_YOUR OBJECTIVE_
From the records below, copy the lines that include "البرغي".

_Excerpts from a dataset_
=== Section Start ===

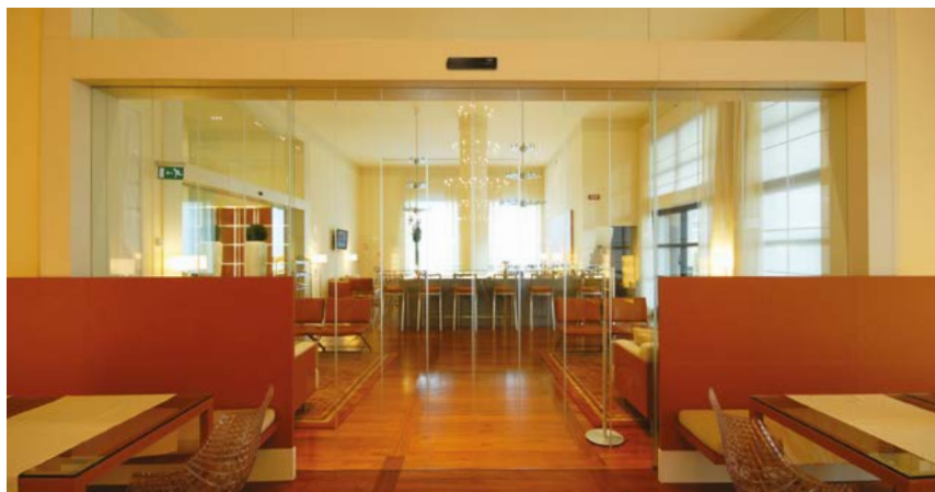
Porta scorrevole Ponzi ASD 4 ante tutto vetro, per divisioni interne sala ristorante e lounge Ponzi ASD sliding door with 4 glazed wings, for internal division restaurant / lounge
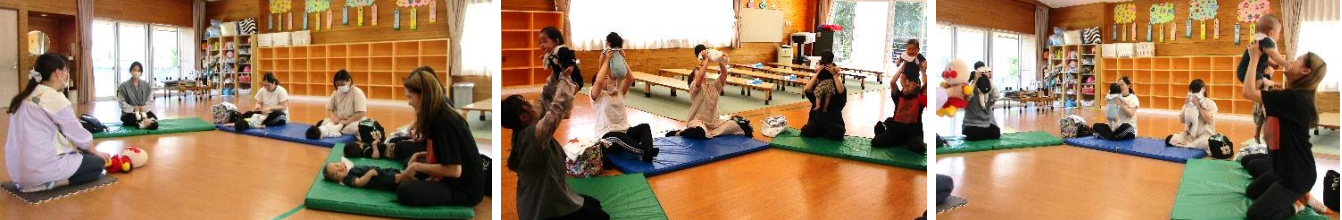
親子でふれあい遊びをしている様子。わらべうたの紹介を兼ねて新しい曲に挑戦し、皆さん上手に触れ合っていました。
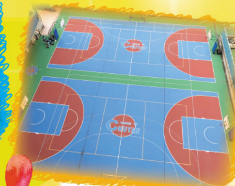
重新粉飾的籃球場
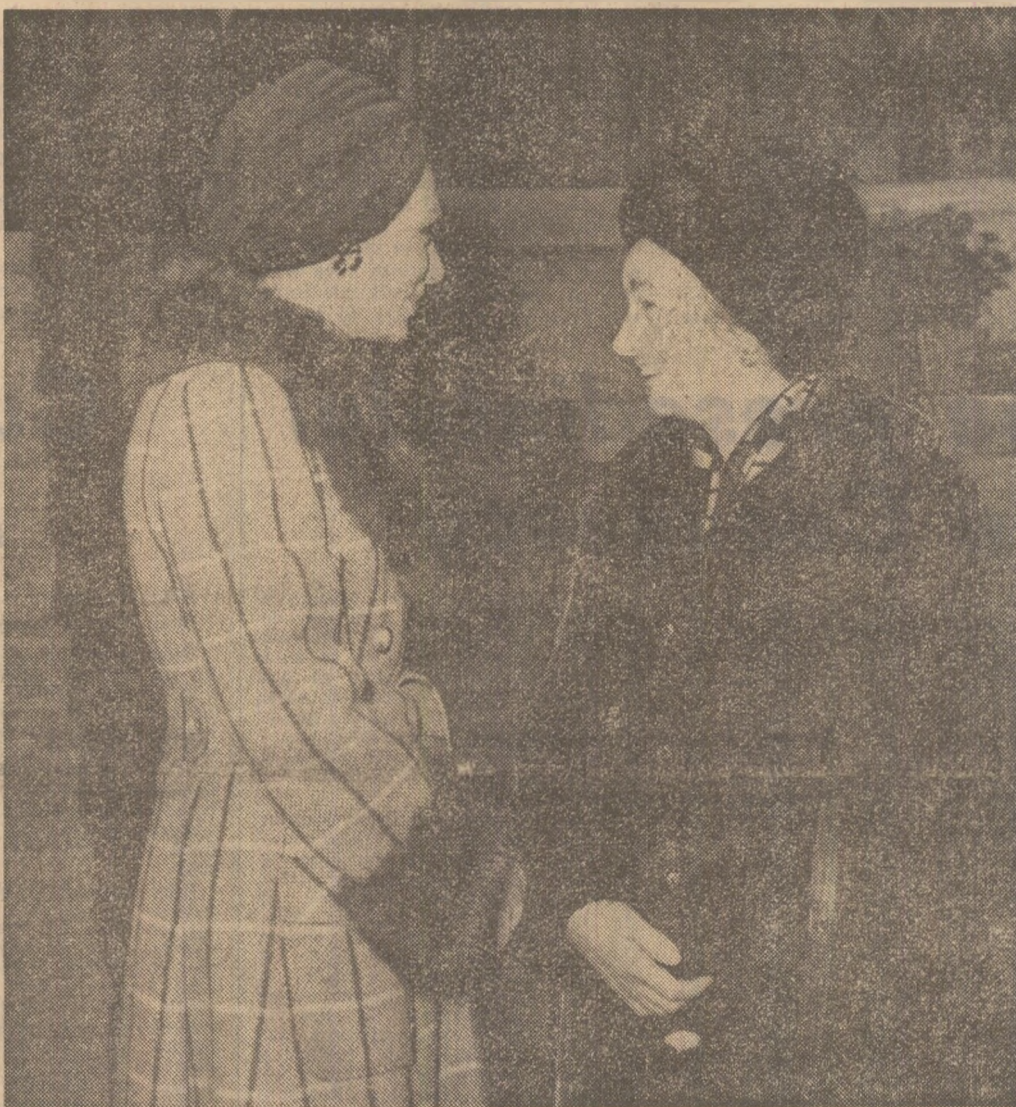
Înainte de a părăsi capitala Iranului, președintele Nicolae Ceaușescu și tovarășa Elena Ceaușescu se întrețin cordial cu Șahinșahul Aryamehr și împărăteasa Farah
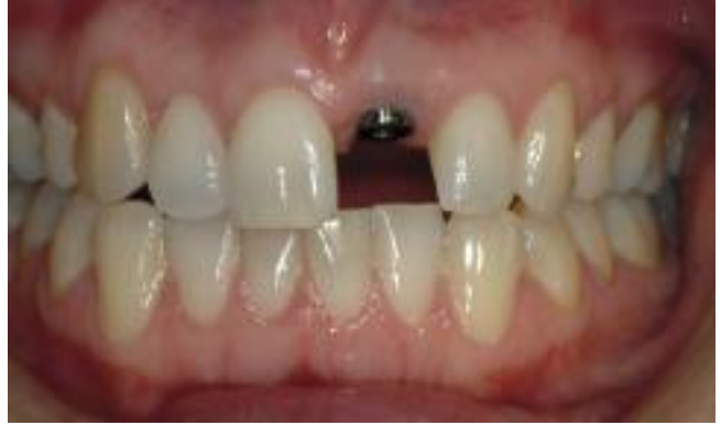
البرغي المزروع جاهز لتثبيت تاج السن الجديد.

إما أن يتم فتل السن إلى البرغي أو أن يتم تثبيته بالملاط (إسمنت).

=== Section End ===

_ANSWER SECTION_
البرغي المزروع جاهز لتثبيت تاج السن الجديد.
إما أن يتم فتل السن إلى البرغي أو أن يتم تثبيته بالملاط (إسمنت).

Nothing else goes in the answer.